Figure 1 with 7 supplements
Viability and cardiac function of miR-1-1−/− mice.

(A) Genotypes of offspring generated from miR-1-1+/− intercrosses on either a pure 129 background (upper) or a mixed BL6/129 strain (lower). Numbers of expected and observed genotype ratios are given for weaning-age (3-week-old) pups. (B) qPCR of mature miR-1 and miR-133a in post-natal day 2 hearts. N = 6 per genotype. (C) Analyses of cardiac function by echocardiography of adult animals of indicated genotypes on a pure 129 background. N = 5 per genotype. LVEDD, left ventricular end-diastolic dimension; LVESD, left ventricular end-systolic dimension. (D) Adult wildtype (upper) and miR-1-1−/− (lower) hearts on a pure 129 background (I). RA, right atrium; LA, left atrium; RV, right ventricle; LV, left ventricle. Hematoxylin and eosin images taken at 1.25X magnification (II); and 40X magnification; scale bar indicates 25 μm (III). Masson trichrome stain of miR-1-1 knockout myocardium, images taken at 40X; scale bar 50 μm (IV) (E) Analyses of cardiac conduction by electrocardiogram (EKG) of adult animals of indicated genotypes on a pure 129 background. *p<0.05; **p<0.01; ns, not significant.

https://doi.org/10.7554/eLife.01323.003
Figure 1—figure supplement 1
Schematic of the miR-1/133a genomic loci.

The mature miR-1 sequence (depicted in blue) is processed from two distinct miR-1 precursors encoded in the murine genome, miR-1-1 on chromosome 2 and miR-1-2 on chromosome 18. Both miR-1 copies are co-transcribed with miR-133a (mature depicted in green) with the genomic distances between the two miRNAs indicated.

https://doi.org/10.7554/eLife.01323.004
Figure 1—figure supplement 2
Identical sequences of mature miR-1-1 and miR-1-2.

The miR-1 seed sequences (nt 2–8) is indicated in red.
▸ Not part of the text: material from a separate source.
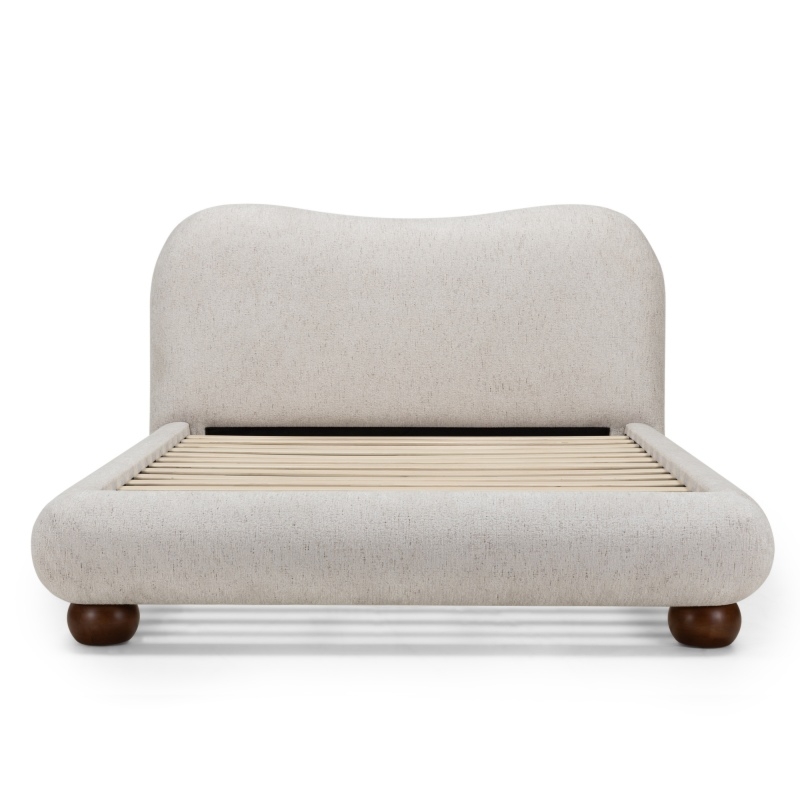 Łóżko Booli to doskonałe połączenie komfortu i estetyki, które wprowadza do każdego wnętrza przytulność i harmonię. Jego zaokrąglone kształty i miękka, jasnobeżowa tapicerka dodają subtelności, tworząc idealne miejsce do relaksu. Stylowe nóżki w formie kulek przyciągają wzrok, stanowiąc oryginalną ozdobę, która dodaje charakteru i nowoczesnego wyglądu.

https://doi.org/10.7554/eLife.01323.005
Figure 1—figure supplement 3
Left, targeting scheme for deletion of the miR-1-1 locus.

Location of genotyping primers indicated. Right, PCR genotyping results from miR-1-1 wild-type, heterozygous, or homozygous knockout animals.

https://doi.org/10.7554/eLife.01323.006
Figure 1—figure supplement 4
Averaged electrocardiogram tracings tracing from lead I of an adult wild-type or miR-1-1 knockout animal on a pure 129 background.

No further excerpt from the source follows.